TASK PROMPT>
All that should be output is the block of lines below from the line with "Предлагам оригинална възпоменателна" to the line with "洗練された大人のための特別な", both included, exactly as written.

DATA SUPPLIED>

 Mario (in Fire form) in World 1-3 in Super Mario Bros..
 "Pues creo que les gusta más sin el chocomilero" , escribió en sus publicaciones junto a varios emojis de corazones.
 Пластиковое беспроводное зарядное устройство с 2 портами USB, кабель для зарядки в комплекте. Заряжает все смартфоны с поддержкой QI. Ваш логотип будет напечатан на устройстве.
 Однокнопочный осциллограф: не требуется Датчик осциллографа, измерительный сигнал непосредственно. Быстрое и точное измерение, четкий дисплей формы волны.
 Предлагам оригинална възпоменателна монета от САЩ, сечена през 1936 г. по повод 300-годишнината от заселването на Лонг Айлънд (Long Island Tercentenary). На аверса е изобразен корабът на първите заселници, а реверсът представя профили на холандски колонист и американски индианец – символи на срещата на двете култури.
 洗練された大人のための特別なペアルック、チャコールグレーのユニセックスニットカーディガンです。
...
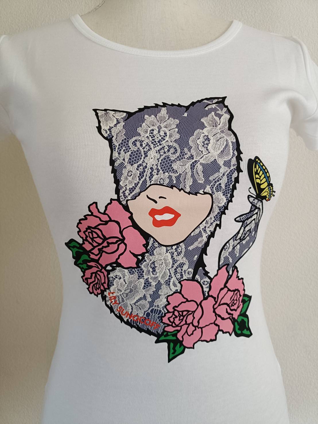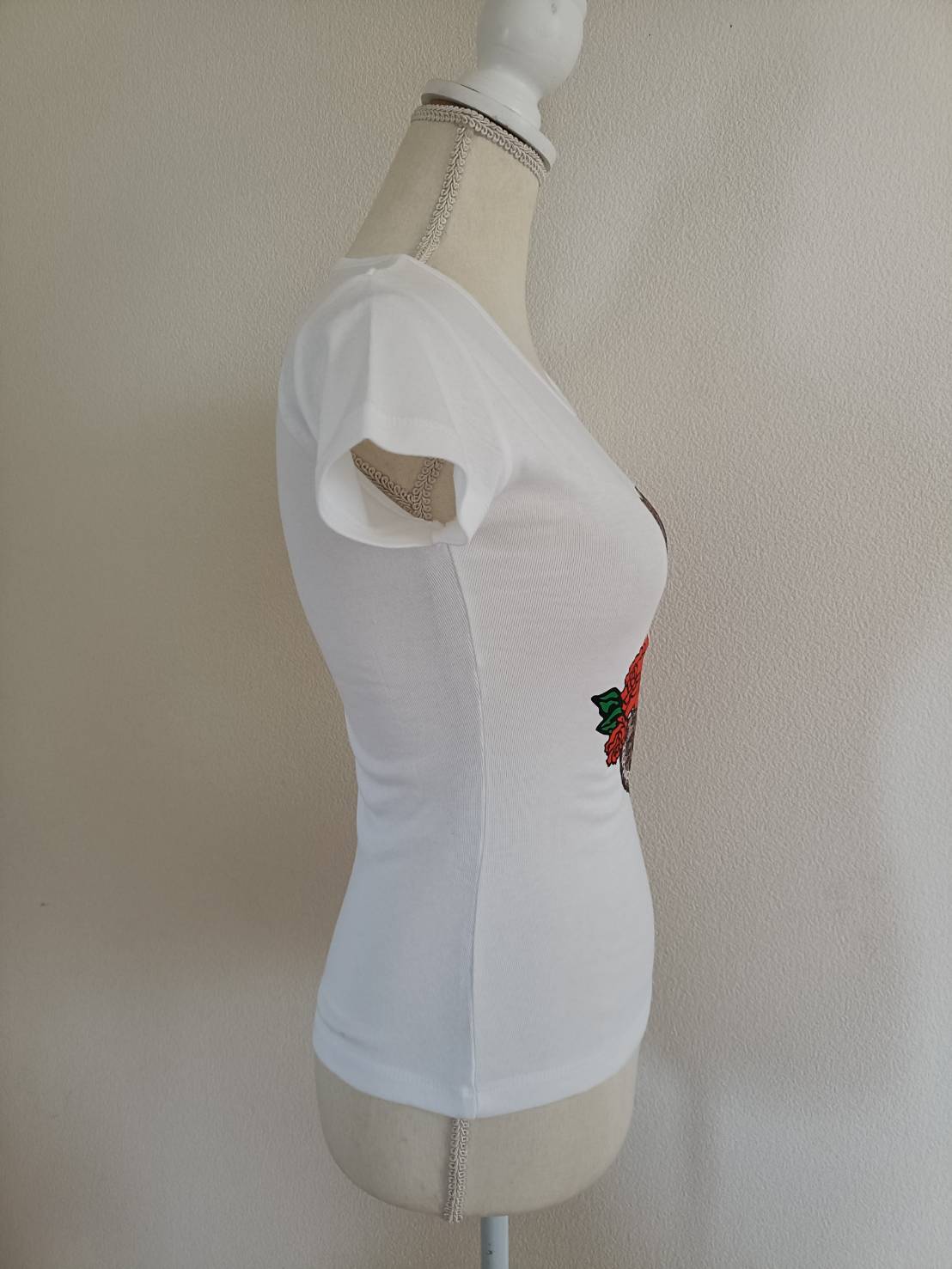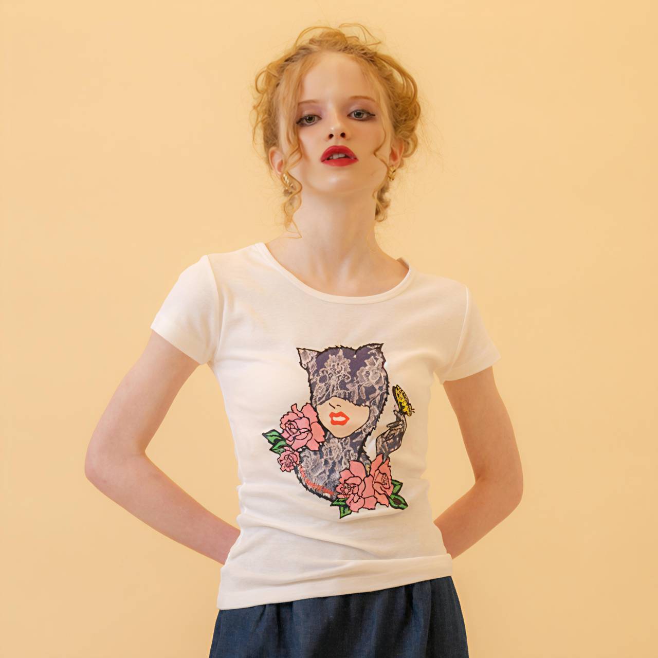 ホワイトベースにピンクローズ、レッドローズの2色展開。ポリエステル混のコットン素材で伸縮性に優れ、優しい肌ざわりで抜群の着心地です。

RESPONSE TO THE EXERCISE>
 Предлагам оригинална възпоменателна монета от САЩ, сечена през 1936 г. по повод 300-годишнината от заселването на Лонг Айлънд (Long Island Tercentenary). На аверса е изобразен корабът на първите заселници, а реверсът представя профили на холандски колонист и американски индианец – символи на срещата на двете култури.
 洗練された大人のための特別なペアルック、チャコールグレーのユニセックスニットカーディガンです。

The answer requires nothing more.